I am currently reading through Brownian Motion by Schilling and am confused by something in the section on transience and recurrence. He says,
"By the Markov Property and the fact that $\mathbb{P}^0(B_{1/n}=0)=0$,
we have
$\mathbb{P}^0(\exists t> 1/n: B_t=0)=\mathbb{E}^0\mathbb{P}^{B_{1/n}}(\exists t>0: B_t=0)$"
Intuitively, I understand that by the Markov Property, moving $t+1/n$ in time has the same distribution as starting at time $1/n$ and then moving $t$ units. But I am not quite sure how he gets the right-hand side of the equality from the left-hand side.
Any help is appreciated!
$\textbf{Edit}$: After referencing this post (Brownian motion: Strong Markov versus translation invariance) I came up with something that I think works. I still don't see where $\mathbb{P}^0(B_{1/n}=0)=0$ is used; I think probably so there are strict inequalities but I don't use it below so there may be some mistakes in my argument below but its an idea:
Let $f_t(x)=\begin{cases}1 & t>0, x=0\\0& \text{else} \end{cases}$.$\quad$ Then $f_t(B_{t+1/n})=\begin{cases}1 & t>0, B_{t+1/n}=0\\0& \text{else} \end{cases}$.
So by the Markov property, $\mathbb{E}^0[f_t(B_{t+1/n})|\mathcal{F}_{1/n}]=\mathbb{E}^{B_{1/n}}[f_t(B_t)] = \mathbb{P}^{B_{1/n}}(t>0,B_t=0)$.
Taking expectations of both sides we have $\mathbb{E}^0[\mathbb{E}^0(f_t(B_{t+{1/n}})|\mathcal{F}_{1/n})]=\mathbb{E}^0[\mathbb{P}^{B_{1/n}}(t>0,B_t=0)]$.

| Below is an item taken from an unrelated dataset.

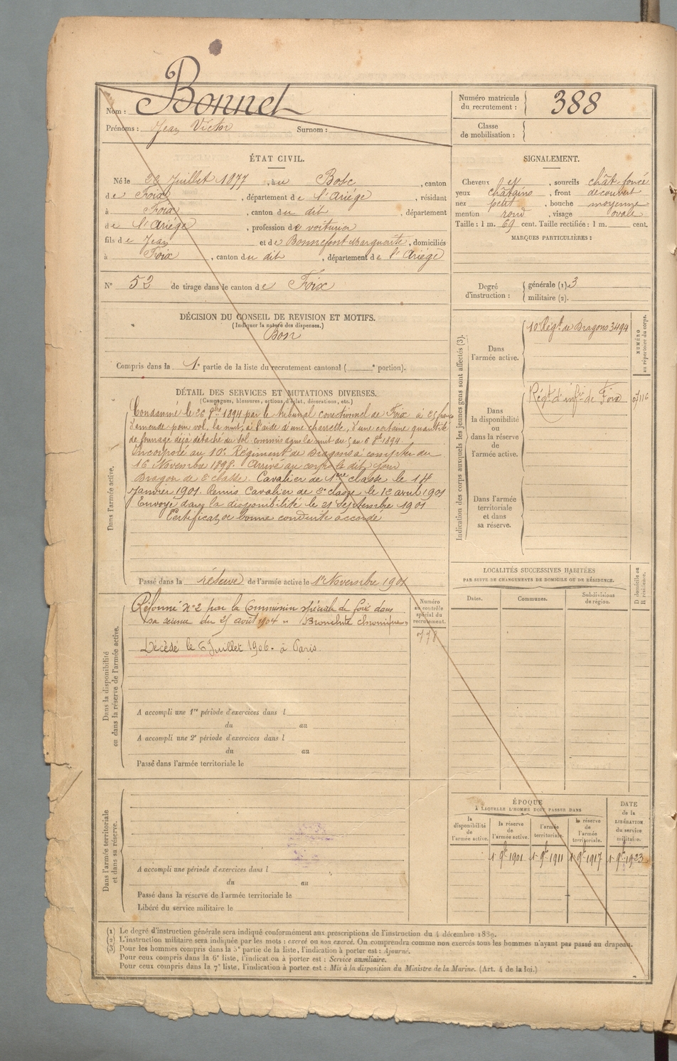 | Bonnet | Jean Victor | FOIX | 1 R 450 | 1897 | Bosc (Le) | Foix | 388 |

Note by the tower property, the left hand side equals $\mathbb{E}^0[f_t(B_{t+1/n})]$ which is $\mathbb{E}^0[\mathbb{1}_{\{t>0:B_{t+1/n}=0\}}]=\mathbb{P}^0(t>1/n, B_t=0)$ which is what we needed to show.
If you see any flaws in the argument, please point them out.